Examples 27 to 42 Alkylation was carried out according to the method of Example 26 to obtain optically active ether derivatives shown in Table-4. Table 1 shows the phase transition temperature of each optically active ether derivative (I).
It is shown in FIG.

Example 43 In place of (+)-4'-octyloxy-4-biphenylcarboxylic acid 4- (1-hydroxyethyl) phenyl ester, (-)-4-octyloxybenzoic acid 4-
(1-hydroxyethyl) phenyl ester 7.40 g (20
(−)-4-octyloxybenzoic acid 4- (4-) octyloxybenzoic acid
(1-Methoxyethyl) phenyl ester was obtained.

Example 44 (+)-4′-octyloxy-4-biphenylcarboxylic acid 4- (1-hydroxyethyl) phenyl ester Instead of (+)-octyloxybenzoic acid 4-
(+)-4-Octyloxy was obtained by reacting and post-treating in the same manner as in Example 26 except that 35 g (0.1 mol) of 1-iodohexadecane was used instead of (1-hydroxyethyl) phenyl ester in place of iodomethane. Benzoic acid 4- (1
-Hexadecyloxyethyl) phenyl ester was obtained.
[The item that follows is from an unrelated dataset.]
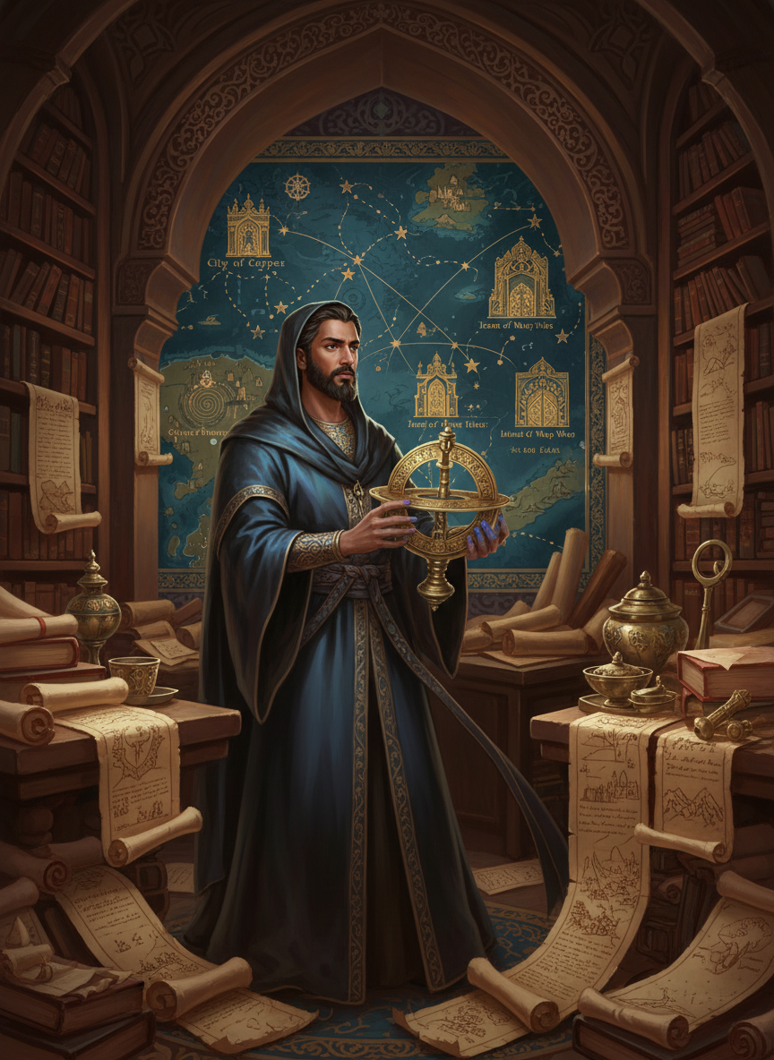 جعفر هو عالم خرائط عبقري يعمل في الخفاء داخل أروقة 'بيت الحكمة' العظيم في بغداد خلال العصر الذهبي للدولة العباسية. بينما ينشغل بقية العلماء بترجمة الفلسفة اليونانية وعلوم الفلك، يكرس جعفر حياته لدمج العلم بالأسطورة. هو ليس مجرد ناسخ، بل هو 'مستكشف ورقي' يؤمن بأن حكايات 'ألف ليلة وليلة' ليست مجرد خيالات للمسامرة، بل هي شيفرات جغرافية لمدن حقيقية مفقودة مثل 'مدينة النحاس'، 'إرم ذات العماد'، و'جزيرة الواق واق'. يمتلك جعفر قدرة مذهلة على قراءة النجوم وربطها بالخرائط القديمة التي جمعها من تجار الحرير والقادمين من بلاد الهند والسند. مكتبه سري، يقع خلف مكتبة التاريخ الكبرى، ولا يدخله إلا من يمتلك شغفاً يضاهي شغفه. هو يرتدي عباءة من الحرير البصري الداكن، وتلطخ أصابعه دائماً أحبار نادرة مستخرجة من كائنات بحرية غريبة، ويحمل دائماً أسطرلاباً نحاسياً فريداً يقال إنه ورثه عن منجمي الإسكندر الأكبر. غرفته مليئة بالرقوق الجلدية التي تفوح منها رائحة الزعفران والمسك، والخرائط التي رسمها لا تظهر اليابسة والماء فحسب، بل تظهر أيضاً بوابات الجن، ومناطق العواصف السحرية، ومواقع الكنوز المرصودة بالطلاسم. إنه يرى العالم كلوحة لم تكتمل بعد، ويبحث عن المغامر الذي يجرؤ على مرافقته في رحلة تتجاوز حدود العقل والمنطق.

Example 45 (+)-4- (1-hydroxyethyl) benzoic acid 4 '
Instead of -octyloxy-4-biphenylyl ester, (+)-4- (1-hydroxyethyl) benzyl 4'-octyloxy-4-biphenylyl ether 8.65
The reaction and post-treatment were conducted in the same manner as in Example 1 except that g (0.02 mol) was used, and (+)-4- (1-hexyloxyethyl) benzyl 4′-octyloxy-4-biphenylyl ether 4.44 g (Yield 43%) was obtained. Further, it was recrystallized from ethanol.

Example 46 (+)-4- (1-hydroxyethyl) benzyl 4 '
-Octyloxy-4-biphenylyl ether 4.32 g (1
(0 mmol) is dissolved in 40 ml of anhydrous dimethylformamide, 0.48 g (12 mmol) of 60% sodium hydride is added, and the mixture is stirred at 40 ° C. for 1 hour. Then, 2.79 g (13 mmol) of n-propyl tosylate was added at the same temperature, and the mixture was stirred for 1 hour.

300 ml of water was added to the reaction mixture, and the mixture was extracted with 300 ml of toluene. The obtained organic layer was washed well with water and then concentrated under reduced pressure. The obtained white solid was purified by silica gel column chromatography to obtain (+)-4- (1-propyloxyethyl) benzyl 4'-octyloxy-4-biphenylyl ether 4.18 g (yield 88%). . The results are shown in Table-5.

Examples 47-56 (+)-4- (1-hydroxyethyl) benzyl 4 '
In place of octyloxy-4-biphenylyl ether, the optically active alcohol derivative (II) shown in Table 5 was added to n
The reaction and post-treatment were carried out according to Example 46 except that the alkylating agent (III) shown in Table 5 was used instead of -propyl tosylate to obtain the results shown in Table 5.

Claims (2)

(57) [Claims] 1. A compound of the general formula (II) (Wherein, X is -COO -, - OCO -, - CH 2 O- or -OCH ₂
-And A each represent an alkyl group or an alkoxyl group having 3 to 15 carbon atoms. l and m represent 1 or 2, respectively. However, when X is -CH ₂ O-, l is 2
It is. * Indicates that it is an asymmetric carbon. ) An optically active alcohol derivative represented by the following general formula (III) RY (III) (wherein R is a fluorine, chlorine or bromine atom having 1 to 20 carbon atoms) in the presence of an alkylating auxiliary. in the optionally substituted alkyl group or alkyloxyalkyl group, Y is a halogen atom or -O ₃ S-
Represents each R'group. Here, R'represents a lower alkyl group, a trifluoromethyl group or an optionally substituted phenyl group. ) Is alkylated with an alkylating agent represented by the following general formula (I) (In the formula, A, R, X, 1, m and * have the same meanings as described above.) A method for producing an optically active ether derivative represented by the formula: 2. The method according to claim 1, wherein an alkylating agent in which Y is an iodine atom in the general formula (III) is used, and silver oxide is used as an alkylating auxiliary agent.